Animal welfare organisations celebrate resumption of Lottery funding
The National Lotteries Commission had withdrawn funding for animal welfare in 2022/23
- The National Lotteries Commission has reintroduced animal welfare funding in its call for applications for 2023/24 after it withdrew funding for 2022/23.
- Animal welfare organisations are celebrating the reintroduction of lotteries funding and many have decided to apply.
- Animal welfare organisations said that the NLC did not understand the important role their organisations play in preventing the spread of disease in poor communities and also population control of stray animals.
Animal welfare organisations are celebrating the National Lotteries Commission’s (NLC) decision to include animal welfare in its call for applications for funding in 2023/24.
This comes after the NLC withdrew animal welfare from its funding focus for 2022/23. Animal welfare organisations criticised the decision, GroundUp previously reported.
The NLC in its latest call for applications said that its overall goal for funding animal welfare was to “to improve welfare of companion and working animals in a manner that reduces harms and contributes to the benefit, health and safety of poor communities”.
The interventions it will fund include affordable or free essential veterinary services for animals in poor communities (as well as mobile clinics), education and awareness programmes, advocacy campaigns, shelter provision, and animal welfare inspectorates.
Karen de Klerk, chairperson of the Cape Animal Welfare Forum (CAWF), which represents about 60 organisations in the Western Cape, sent a proposal to the NLC in March this year, that requested the NLC to reintroduce funding for the animal welfare sector for the next funding period.
De Klerk said in the proposal that funding for animal welfare is specifically important to limit the spread of diseases in impoverished communities, such as mange, worms, and ticks, as well as sterilisation of animals, and other medical campaigns such as mobile clinics.

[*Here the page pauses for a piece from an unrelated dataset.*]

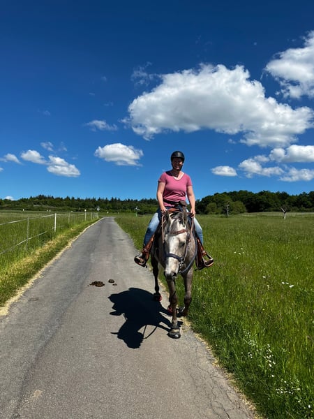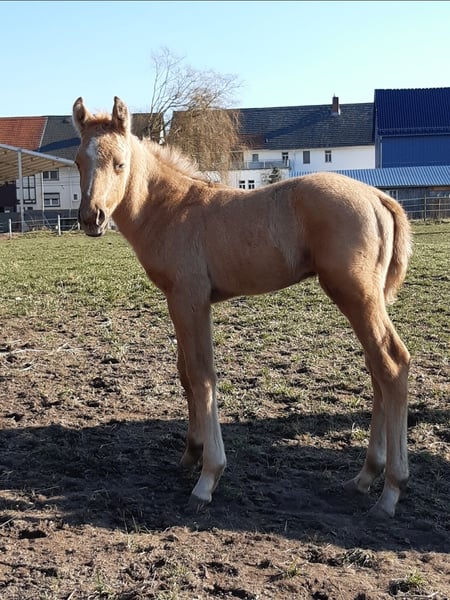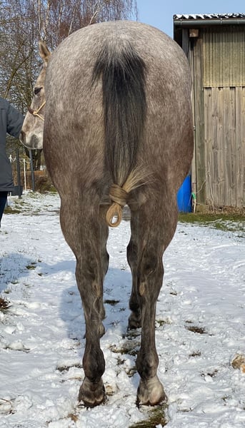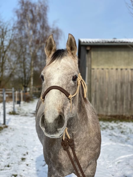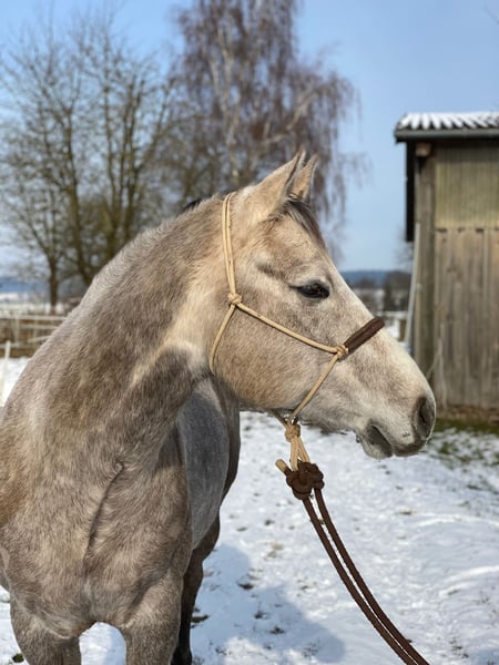 Sunny – 5-jähriger Quarter Horse-Wallach 🌟 Ich stelle vor: Sunny, ein wunderschöner, kräftig gebauter, angehender Schimmel, ca. 1,60 m großer, 5-jähriger Quarter-Horse-Wallach. Ein echter Hingucker mit eigenem Charakter, der Abwechslung liebt. Sunny findet endlose Runden in der Reithalle eher langweilig; er liebt Ausritte, Bodenarbeit oder ein abwechslungsreiches Vielseitigkeits- und Gelassenheitstraining? Da ist er für zu haben. Ein perfekter ruhiger Partner für Wanderritte, Zeit draußen verbringen, ob geritten oder spazieren gehen oder auch gemeinsame Urlaube. Er ist noch jung und lernt schnell. Er hat die Basis Ausbildung (Western) erhalten. Da er und ich nicht zusammen finden, wurde er bisher nicht aktiv weiter ausgebildet. Daher steckt noch ungenutztes Potenzial in ihm, wenn man ihn weiter fördern möchte. Auf ein paar Orientierungsritten war er schon unterwegs. Sunny braucht einen ihm angepassten Reiter, da er manchmal etwas eigenwillig und selbstsicher sein kann. Er braucht einen Reiter mit klaren Vorstellungen, Selbstvertrauen und einem Plan. Kann man ihm das geben, ist er ein ehrlicher und super Freizeitpartner. Das letzte Bild zeigt Sunny, als er paar Tage alt ist, also als Palomino geboren. * Ausbildungsstand: Kennt Reithalle, ausreiten mit anderen Pferde und sehr gerne auch alleine ein ganz treuer und zuverlässiger Partner. * Temperament: absolut gechillter Typ, lernbereit * Geeignet für: Reiter, die einen Geländefreund suchen, der sie überall hin trägt (Wanderreiter) Verladen überhaupt kein Problem. Beim Schmied ebenfalls brav (zurzeit beschlagen). Absolut sicher im Straßenverkehr. Esel, Traktor, Lkw, Bus, Schafe usw usw, alles kein Problem. Röntgenbilder vorhanden. Keine Lahmheit. Klinisch o.k. Er wird nur in ein 5-Sterne-Zuhause mit Gesellschaft und möglichst täglichem Weidegang vermittelt.

De Klerk told GroundUp that animal welfare organisations are struggling already and that the NLC withdrawing funding exacerbated the situation.
She said that a big problem was that the NLC didn’t understand everything animal welfare entailed. “It’s not just about rehoming puppies and kittens,” she said. Rather, it provided critical medical services for animals in impoverished communities.
The withdrawal of funding also had a huge impact on the salaries of people working in the animal welfare sector. “That’s a very important part of any NGO because you can’t do anything without professionals,” said de Klerk.
Similarly, Marcelle du Plessis spokesperson for the Mdzananda Animal Clinic in Khayelitsha, said they would be applying for veterinarian salaries, animal welfare assistant salaries and essential new equipment. “Without the people in the organisation there is no help for the animals,” she said.
She said that it’s difficult to get funds in the animal welfare sector, as it is not a top priority, for instance, corporate companies donating to charities. “Understandably, there are many human issues that need funding too,” said Du Plessis.
She said that the last time Mdzananda applied for funding from the NLC was in 2015. She said they had only received the funding two years after sending their application.
“As a result of the lengthy process we decided not to apply when the next funding round opened. However, in the current economic condition we would have liked to apply last year and were disheartened by animal welfare not being included,” said Du Plessis.
She said many other organisations were also upset about the exclusion last year and those who relied on NLC funding suffered.
The National Society for the Prevention of Cruelty to Animals (NSPCA) spokesperson Keshvi Nair lauded the NLC’s decision to include animal welfare funding.
Nair said that the NSPCA does not receive any direct funding from the government and that this makes the inclusion of animal welfare funding “even more crucial”.
“Animals are sentient beings who deserve our compassion and protection. By including animal welfare as a funding category, the NLC is acknowledging the fundamental role that animals play in our lives and the responsibility we have towards their well-being. This decision will undoubtedly have a positive and lasting impact on countless animals in need across our nation,” said Nair.
NLC Commissioner Jodi Scholtz told GroundUp that the decision to “include animal welfare was made after careful consideration of the matter and a reassessment of community needs”.
Scholtz said that concerns raised by the animal welfare sector did factor into the decision to include it in the call for applications. “NLC aims to be a responsive funder while balancing the needs of the various worthy good causes we are mandated to support,” she said.
“While we regret the negative impact on the organisations affected, funding for a particular sub-sector is never guaranteed,” said Scholtz.